49′ Bed sizes in France. In the description you’ll often read that the bed is King, Queen or Double, but those descriptions are an indication of size, it will not be what you’re used to. Double beds are the most common size you’ll see. French size are 140 (double) or 160 (queen) or 180+ king. French people never have enough pillows in apartments.

51’40 Water closet is separate in France. The bathroom is where you’ll find a shower or bathtub + a sink. The toilet is separate. This is because French people think it’s filthy to go to the bathroom where you brush your teeth.

53’47 Take a look at the reviews, most people will say it was great, what’s even more important is that this place has been rented in the past.

55′ Checking in and out. There is no concierge or front desk, you need to make arrangements to meet someone. Allow enough time to get to the apartment from Charles de Gaulle airport (typically 90 to 120 minutes). Most apartment managers will ask you to call them when you are on your way.

56’44 Deposit in cash can be a problem because you’ll have to carry the cash, but then what do you do with the cash when they give it back to you at the end? Ask if you can pay your cash deposit if dollars, so at least when you get it back you don’t have to convert it back before you can use it.

58′ There is usually a house rules binder in the apartment that will explain how things work in the apartment. Avoid using the small home dryers, they are awful. Just wash and hang dry.

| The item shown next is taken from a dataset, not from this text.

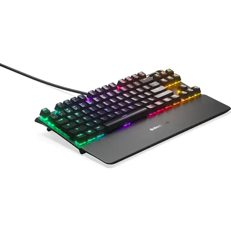 Apex 7 TKL er udstyret med mekaniske switches der er garanteret til 50 millioner tryk. De lineære røde switche sikrer let og lynhurtig aktivering. Integreret OLED display der bl.a. kan vise discord informationer. Keyboardet er ekstremt holdbart og bygget på en aluminiumsramme. Magnetisk aftagelig håndledsstøtte medfølger.

60′ There are very few American food items that you can’t find at French grocery stores. Chili powder is one, coffee creamer is another.

61′ When you checkout, set a time with the apartment manager. Some places will ask you to replace things that you finish. They may ask you to strip the beds and empty the garbage.

63′ In Provence rentals are very expensive April thru November and cheap thru the winter months.

64′ Annie’s arguments against renting an apartment:

  • If you’re going the apartment route, you may be tempted to stay somewhere longer than you need to. Some place won’t rent for less than one week and there are lots of places in France where the only way to make that work is if you rent a car and you use the apartment as a central point to go visit lots of things.
  • For people who already know that they know and like France, it’s good to stay a while, but if it’s all new to you, don’t stay too long in one place or you’ll get bored.

Conclusion

Phil likens the process of renting an apartment in Paris to the fast, good, or cheap paradigm. You need to decide if it’s most important to you to have your apartment with easy access to attractions (fast), how many amenities you want (good) or how much you’re willing to pay (cheap). You can have two of the three, but probably not all three at the same time. With this episode you’re now better equipped to decide which two matter most to you.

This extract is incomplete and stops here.